During World War II, most countries around the world relied on Britain’s shortwave radio broadcasts for the latest news from Europe. In the days before transatlantic audio cables or satellites, distant news traveled fastest by radio. Networks in the America’s, Australia, New Zealand and elsewhere re-broadcast shortwave radio news domestically.
Getting reliable, good quality audio programs over shortwave is always a challenge because of fading. As signals bounce off the ionosphere, they split over multiple paths. Often they fade and flutter, sometimes significantly, as the nature of the layers change with time. Here are several examples of shortwave signals fading, so you know what it sounds like. Skywave radio signals are subject to complex patterns of travel and interference.
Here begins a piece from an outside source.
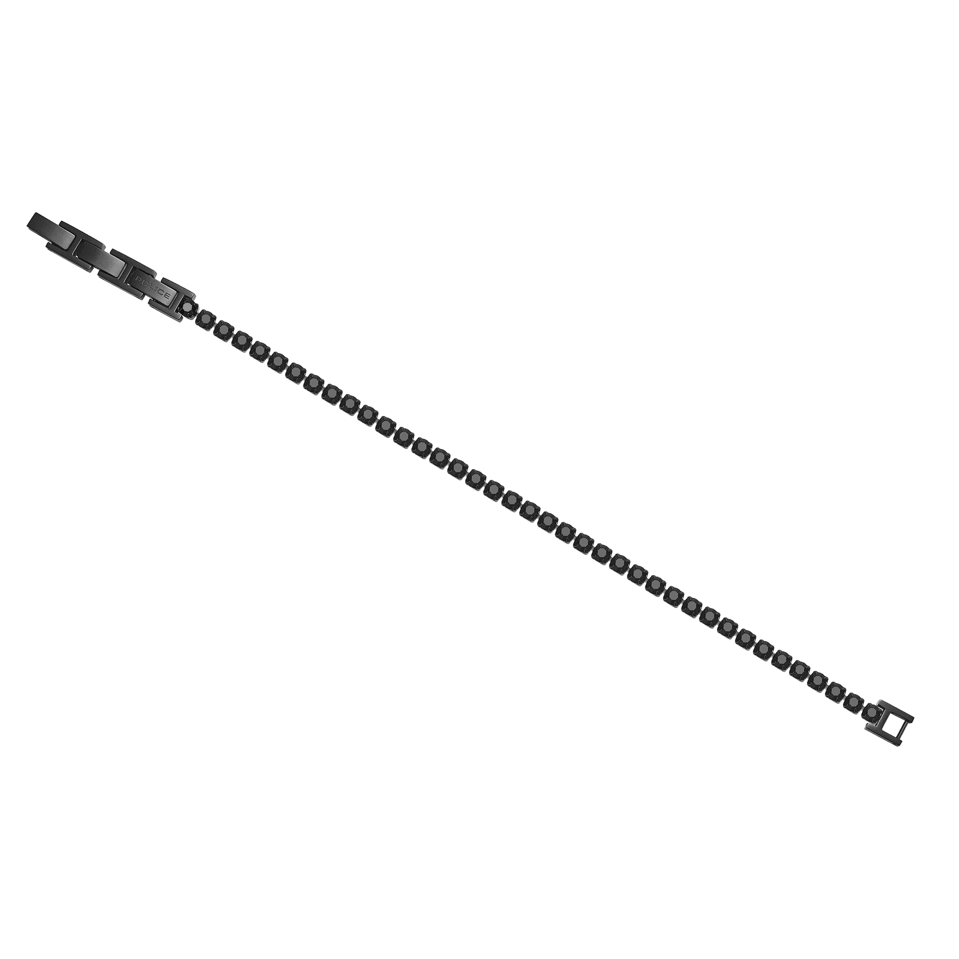 The bracelet features a continuous line of 4mm black crystals, each individually set to catch the light and create a subtle, yet striking, sparkle. The bracelet's main body is crafted from IP black metal, providing a durable and stylish dark finish that beautifully complements the crystals.

Eventually, domestic networks found a clever way to get better audio from these distant signals. Diversity reception works like this. Instead of one signal, you monitor several signals at once and blend them together. Harold Beverage and RCA pioneered work on shortwave radio diversity reception in 1920’s. Commercial solutions arrived by 1933. Typically, you would use three receivers with three different antennas, spaced 1,000 feet apart. When antennas are widely spaced, signals arrive with different fading. Just combine the signals and let the strongest signal dominate. As long as the fading is not correlated across all three antennas, improvement can be significant.
Diversity reception can be achieved in several ways. The most popular – spatial diversity – is described above. Other methods include frequency diversity – mixing together the same program received on several different channels. The picture above shows racks of RCA AR-88 receivers used for triple diversity reception during World War II. The automatic gain control circuits in this apparatus was specially designed for the sets to work together and track the best signal.
Engineers still use diversity reception for many types of radio signals across all frequencies. For example, wireless microphone set-ups in auditoriums always use multiple receivers with outputs mixed together. Here is a more detailed technical explanation.
Shortwave Radio Diversity Reception – Canada’s Britannia Park Listening Post
In Canada, CBC engineers built a listening post just west of Ottawa in 1933. Britannia Park served the dual purpose of shortwave monitoring and providing the ears for foreign broadcasts on the national network. Receivers were connected to giant rhombic antennas mounted on 90 foot poles. These diamond shape antennas were aimed at Europe and covered 5-25 MHz. Operators used two sets of triple diversity receivers.
During the war, Britannia Park relied mostly on frequency diversity. Audio was sent to CBO in Ottawa, and from there to CBC’s three networks: Eastern, Ontario and Western. In addition to news and leadership speeches, the BBC also relayed the voices of Canadian soldiers serving overseas.
Finally, to complement live BBC relays, this listening post also supported recording of foreign programs from many sources for archiving or later broadcast. Similar listening posts existed across the Commonwealth including Makara Receiving Station near Wellington, New Zealand.